Fig. 2. ΔG^≠vs. linear free energy relationship (LFER) (left); LFER with the effect of asynchronicity (middle); LFER together with the complete off-diagonal term (right) for the OH⁻ (top) and OH⁺ (bottom) sets. The quality of correlations is assessed by using the squared Pearson's coefficient (R²). For the plot with the points labeled according to the axial ligand of the (L)(TMC)Fe^III–OH complex see ESI – Fig. S3, and the detailed decomposition of the barriers into the non-thermodynamic and thermodynamic (diagonal and off-diagonal) components is shown in Fig. S4. The barriers and thermodynamic descriptors are given in Tables S1–S3. For the details on all systems investigated in this work see Fig. S5–S7 and Tables S4–S10. Further details on the performance of the models are presented in Tables S11 and S12.

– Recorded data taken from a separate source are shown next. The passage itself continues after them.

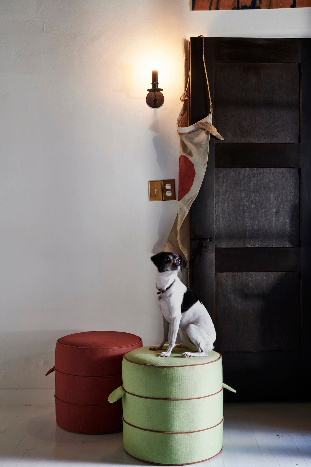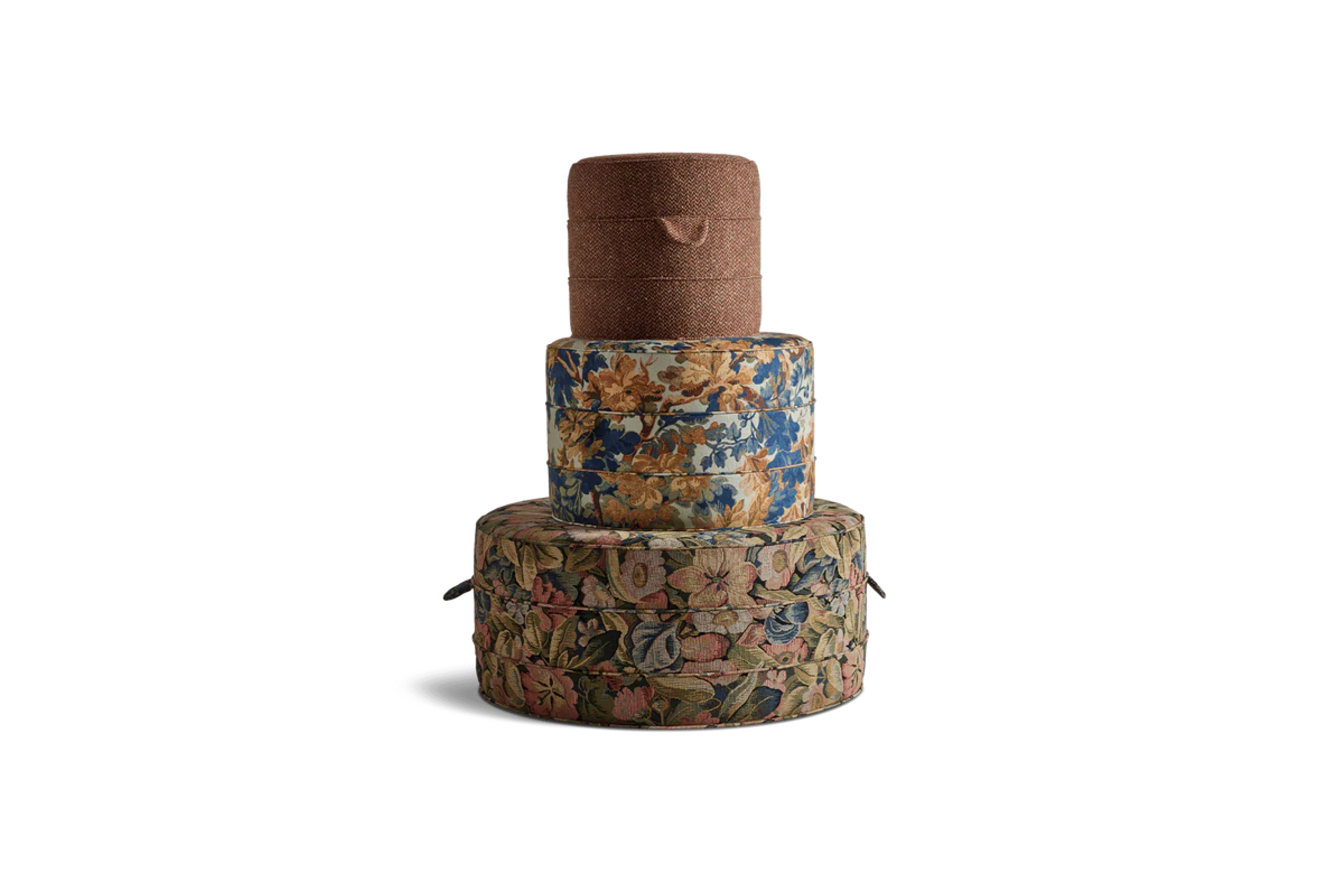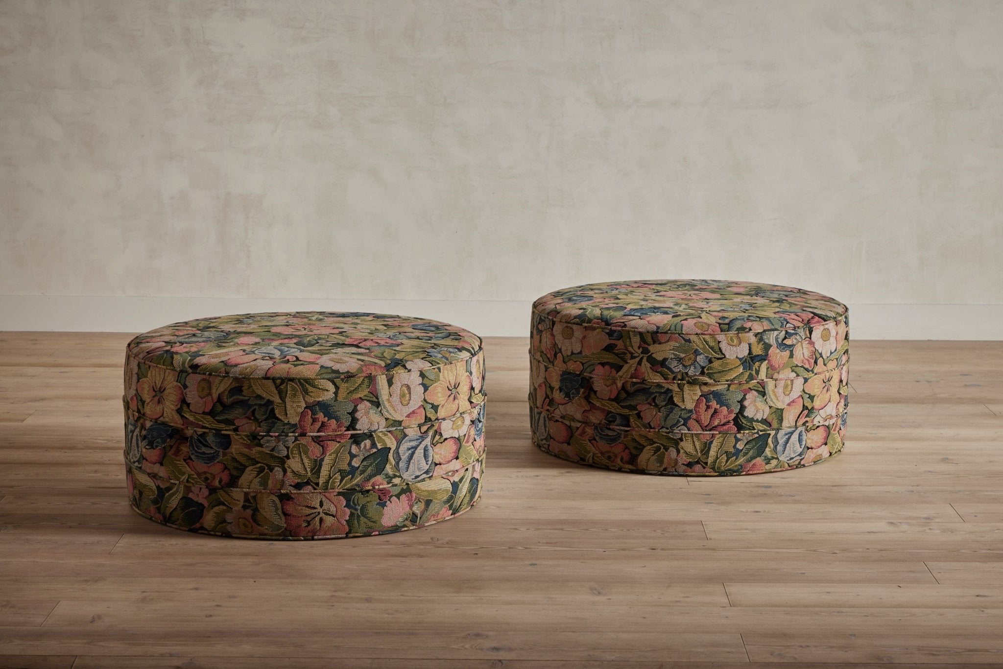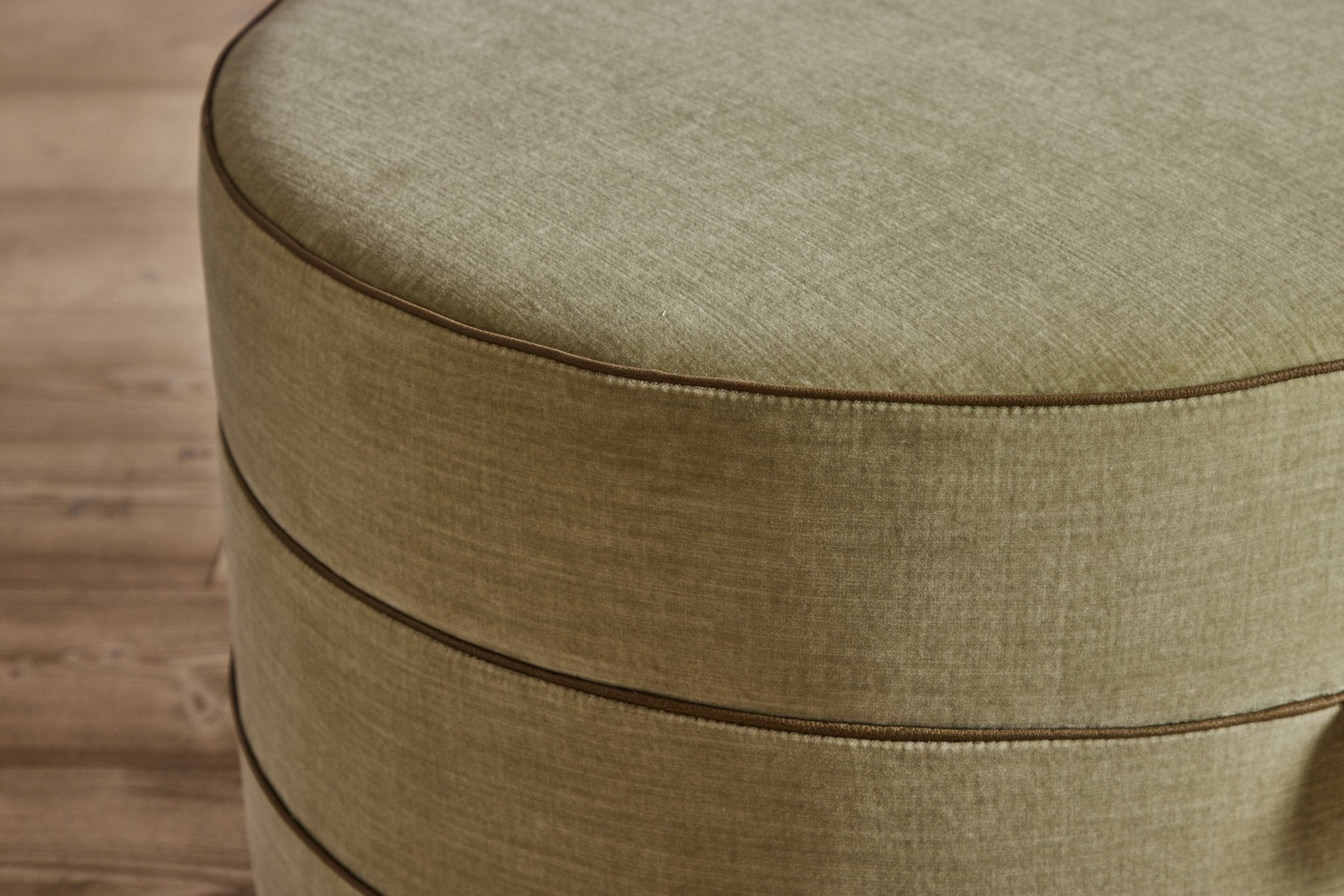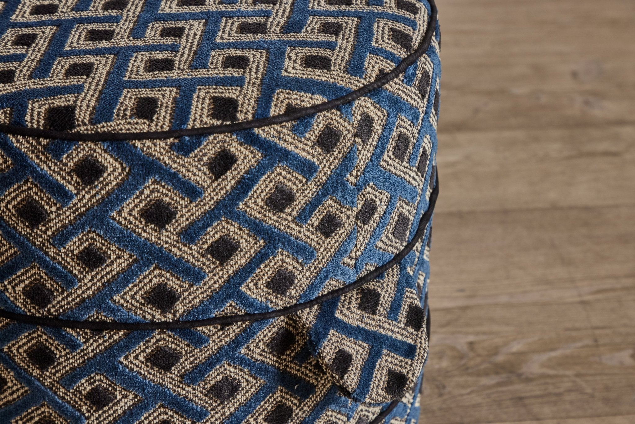 The NK Round Hassock is one of our most talked-about pieces of accent seating, blending the practical and the exotic. A solid wood frame and bold, bright textiles is cleanly defined by two-ring piping and double handle details. Comes in both small, medium, and large.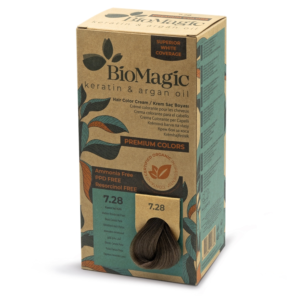 Biomagic Hair Color Cream kreemjas juuksevärv 7/28 Medium Blonde Ash Pearl 170ml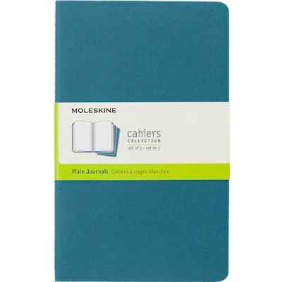 Moleskine Cahier Journal, Set 3 Notebooks with Plain Pages, Cardboard Cover Visible Cotton Stiching, Colour Brisk Blue, Large 13 x 21 cm, 80 Pages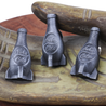 Each of our pieces is hand crafted with quality and care as our main priority. They start out as hand sculpted models that are then molded and cast with a special crystal resin and metal powder mix. This cast is then cleaned and aged using a method that brings out the design out to a shiny finish and leaves the piece with an antiqued feel. Each one is cleaned and secured to a hypoallergenic pin using super strong adhesive, leaving the finished piece lightweight and durable!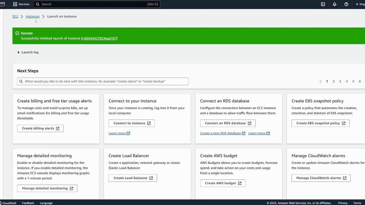 Ensure that the auto-assign public IP option is enabled to allow future connectivity. After launching, navigate to the Instances tab.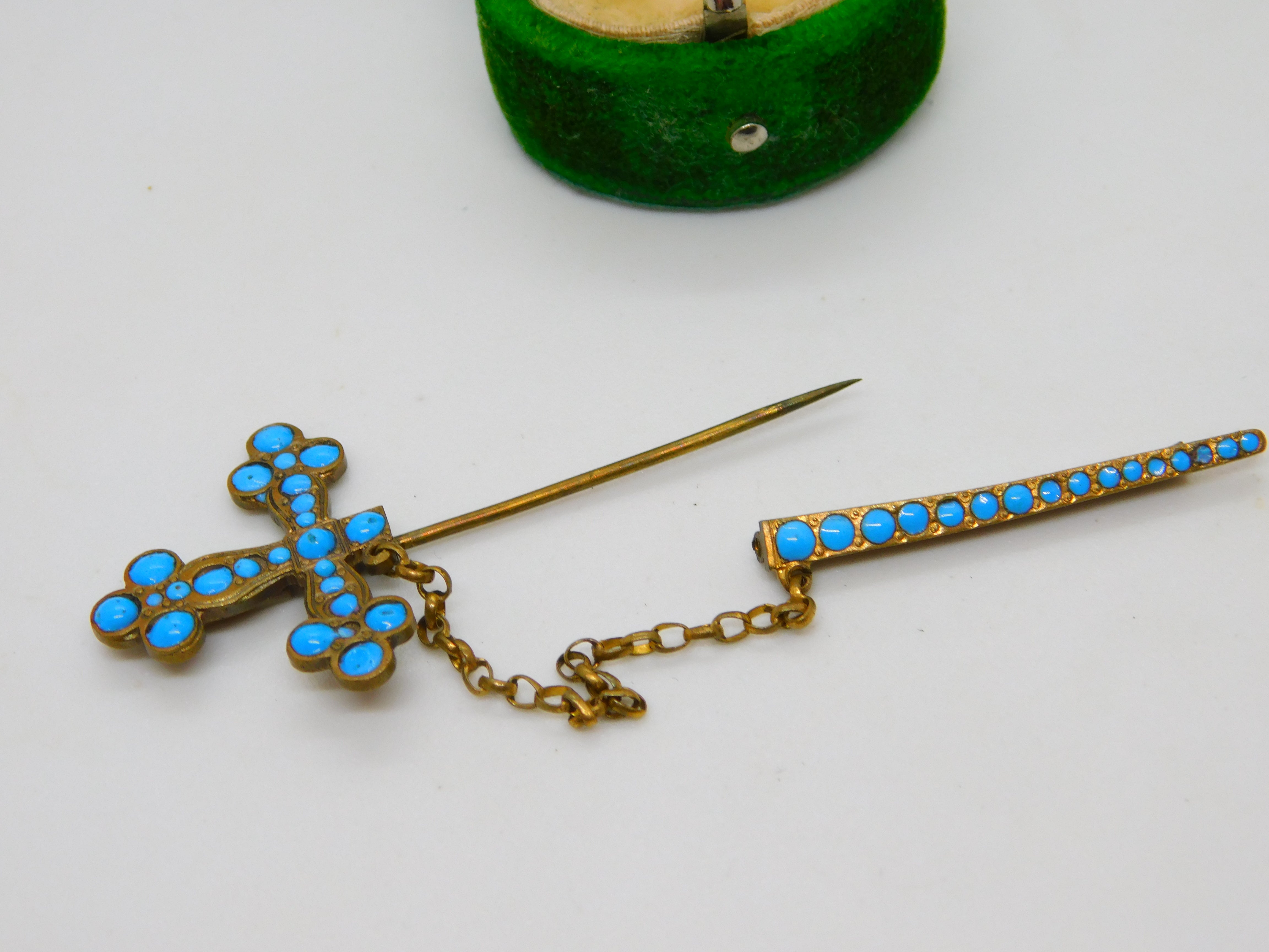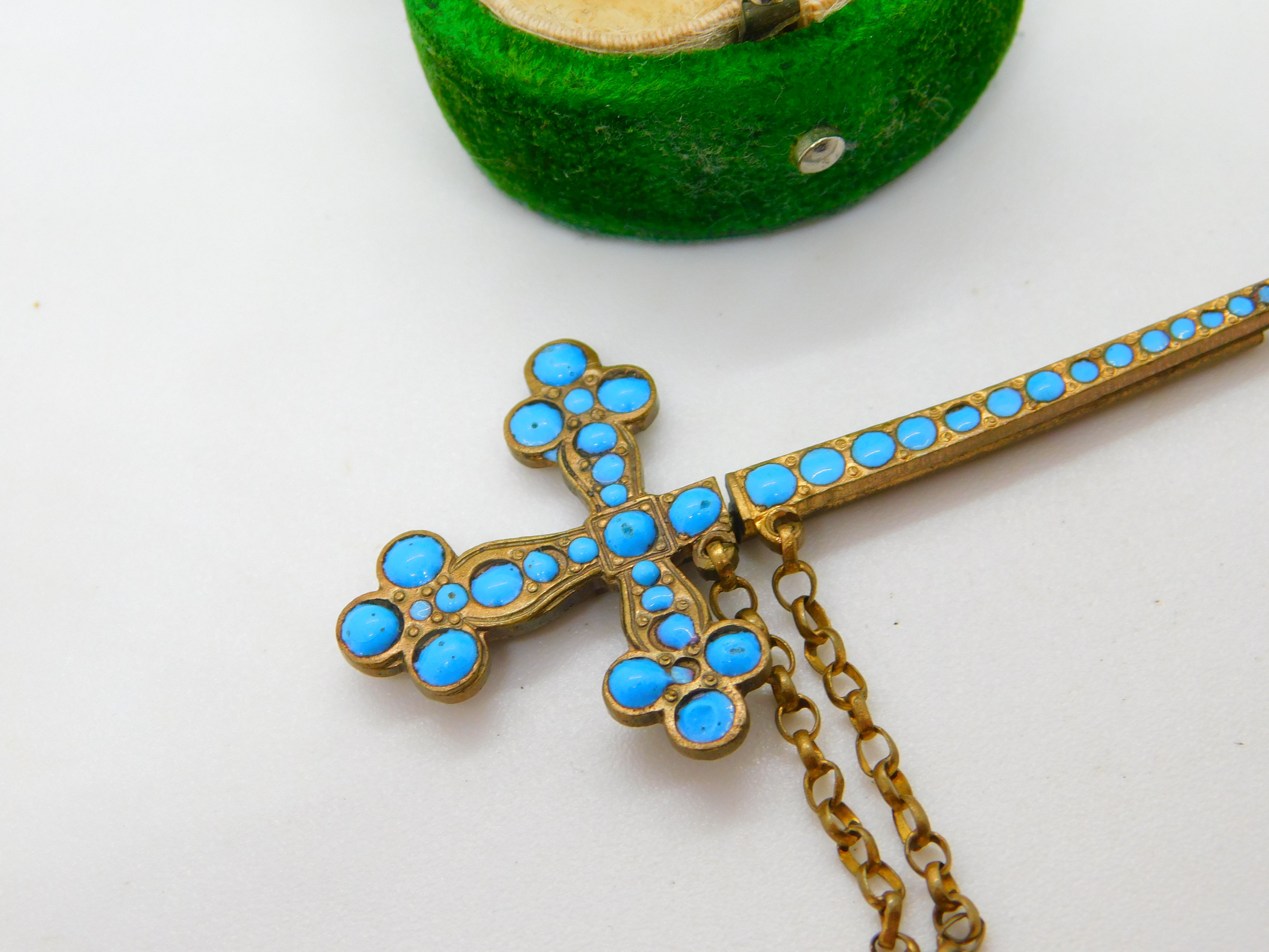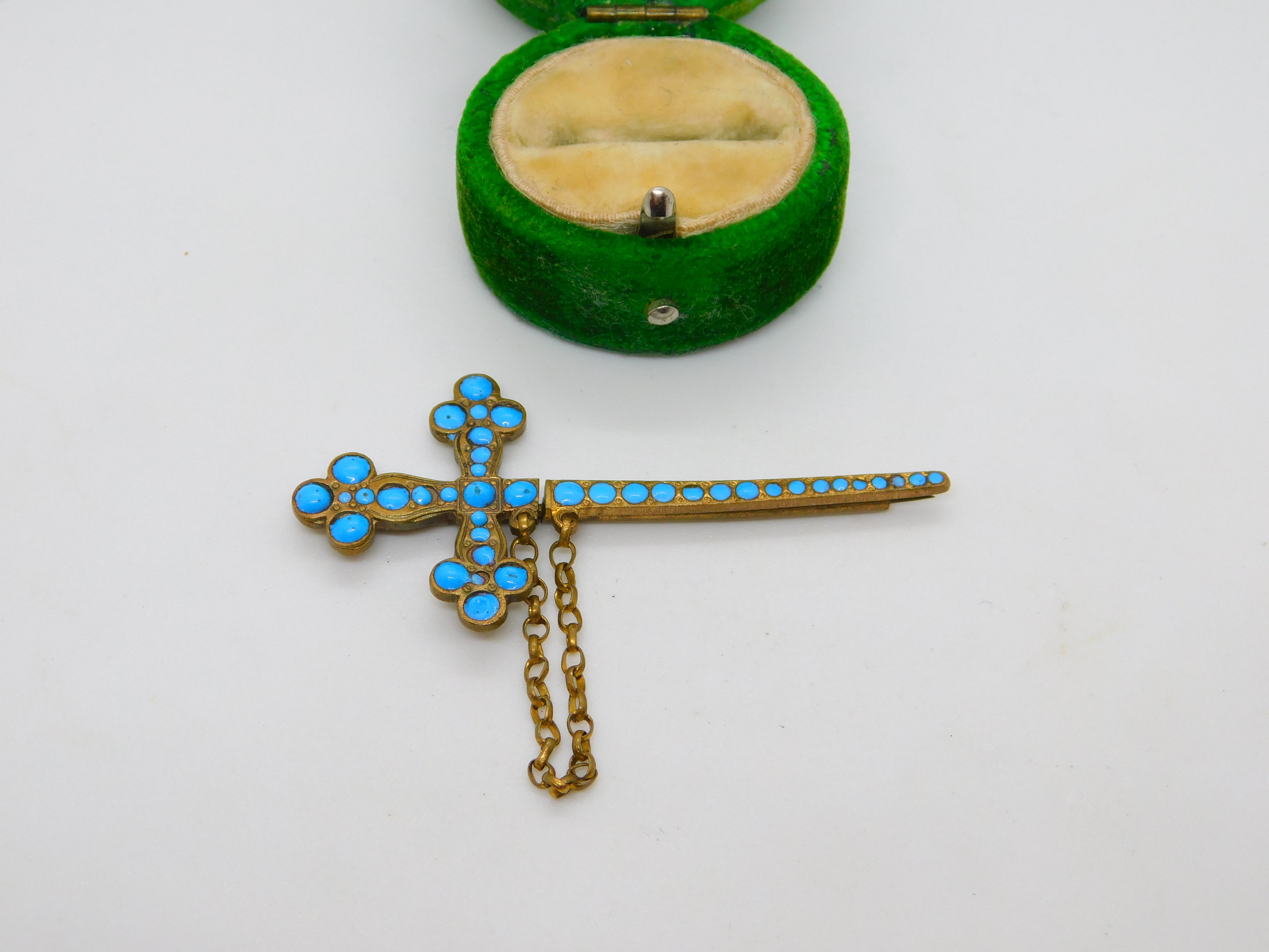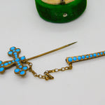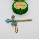 Victorian French Gilt Metal & Turquoise Set Sword in Scabbard Brooch Antique

Fig. 3. Characterization of the OH rebound reaction by change in volume and charge on the transferred OH group upon the RC → TS transition. The points are colored and shaded from dark blue (favored OH⁻) to dark red (favored OH⁺) to reflect the difference in off-diagonal thermodynamic contributions to the barrier (ΔG^≠_offdiag) originating from the OH⁻ and OH⁺ cycles. The HOMO for the OH⁻ and OH⁺ cycle driven reaction is shown in the inset. For the plot with the points labeled according to the axial ligand of the (L)(TMC)Fe^III–OH complex see Fig. S10, and the AIM charges and volumes of the studied systems are listed in Tables S16–S17.

Fig. 4. ΔG^≠₀₀vs. asynchronicity for radical ligand transfers linked to the OH⁻ (blue) and OH⁺ (red) thermodynamic cycles. For the OH⁻/OH⁺ sets, the η_R⁻ and η_R⁺ from eqn (3) and (4) were employed, respectively. For the plot with the points labeled according to the axial ligand of the (L)(TMC)Fe^III–OH complex see Fig. S22A.